In turn, this information was reported and, on Thursday May 29, 2008 a helicopter with researchers and veterinary technologists on board flew over the entire length of the Olifants River within the boundaries of the park and the Letaba River from Letaba Rest Camp to the confluence of the Letaba and Olifants rivers.
During this aerial survey, 30-odd crocodile carcasses were discovered in various stages of decomposition and sample tissue of the yellow-orange hardened fat was taken, as well as a fresh crocodile carcass, and sent to the University of Pretoria’s Onderstepoort for further analysis.
It is believed at this stage that the yellow-orange fat is a condition known as Pansteatitis which is usually associated with the consumption of rotten or rancid fish.
“The carcass and the samples have been sent for a thorough post mortem and further tests as we are not sure, at this stage, what caused this condition in the Olifants Gorge as there were no recent fish kills reported from this river in the KNP. We have decided that further samples of crocodiles, fish, water and sediments are needed for detailed analysis before we can identify the cause,” added Mr Pienaar.
KNP rangers, trails rangers and scientists will continue monitoring the situation along the Olifants River with regular flights of the Bantam Ultralight Aircraft and reports from the rangers, trails rangers and guides based in the area while the situation is extensively researched.
“We will be looking at this problem from all angles and have not ruled out any possibility. Although a clear cause/effect relationship cannot be found at this stage, it is clear that the Olifants River system is strained beyond it capacity to deal with this level of stress,” added Mr Pienaar.

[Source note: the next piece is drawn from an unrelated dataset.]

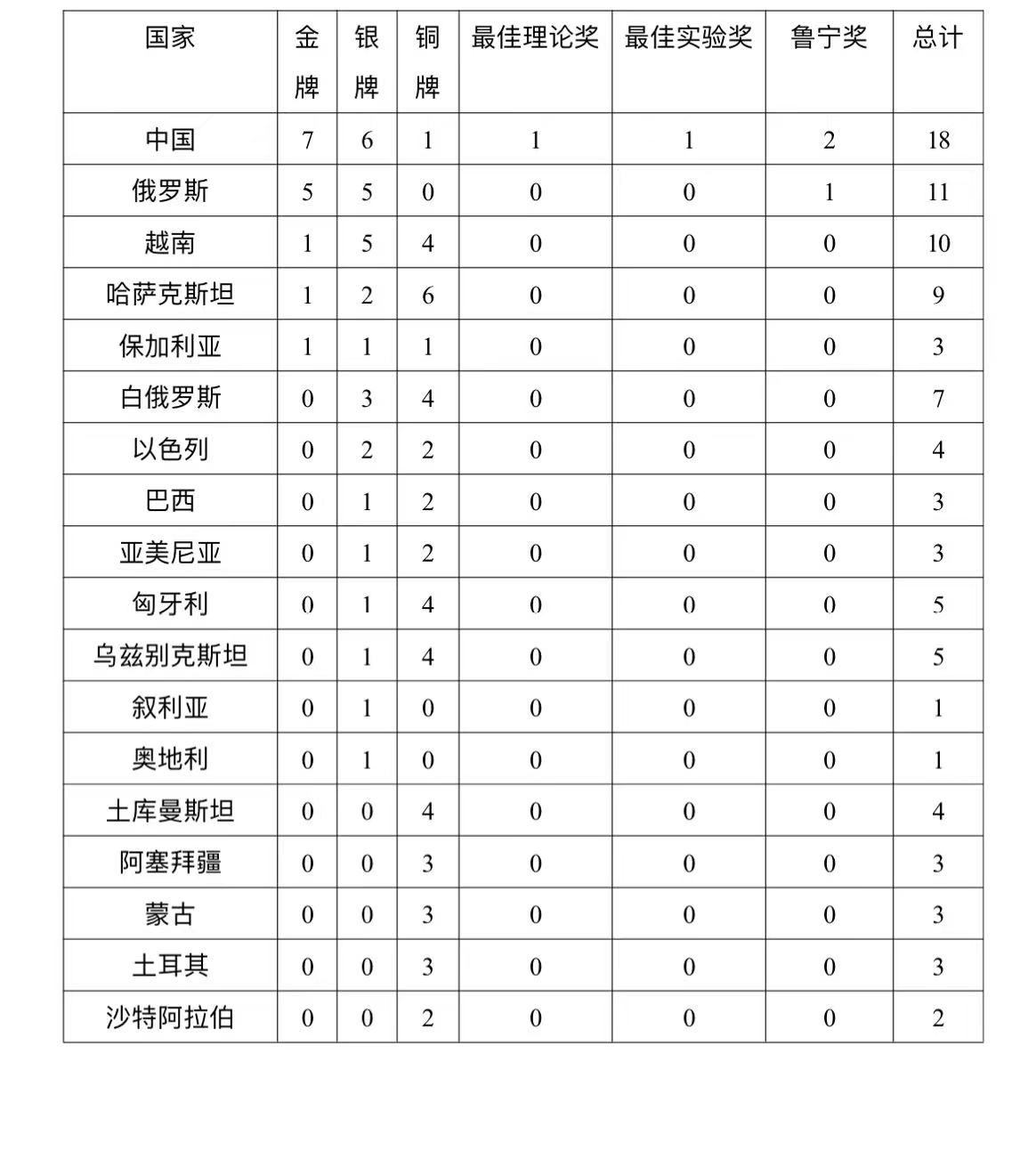 來自26個國家的200多名參賽選手,經過五天的激烈角逐,最終產生15枚金牌、30枚銀牌、45枚銅牌。15枚金牌得主分別來自中國、俄羅斯、越南、哈薩克斯坦、保加利亞等國家。中國代表隊獲得7金、6銀、1銅的歷史最佳成績,俄羅斯代表隊全隊10人獲得獎牌5金5銀。來自中國和俄羅斯的3名選手獲得“魯寧獎”,來自人大附中的王云開獲得本次競賽的絕對冠軍——“魯寧獎”一等獎,來自深圳中學的趙澤宇獲得“魯寧獎”二等獎,來自俄羅斯的米哈伊爾·佩雷爾曼獲得“魯寧獎”三等獎。此外,競賽還評選出1名最佳理論獎、1名最佳實驗獎,獲獎選手分別是來自中國的馬麟瑞和赫伯文。

Mr Pienaar concluded that the Olifants River is the most polluted of all the rivers in the KNP and the system now has further strain from the Massingir Dam that has pushed back into the Olifants Gorge, causing sediments to be deposited.
Visitors to the KNP need not worry about their own health as water utilized from the Olifants River is exhaustively monitored before declared fit for human consumption.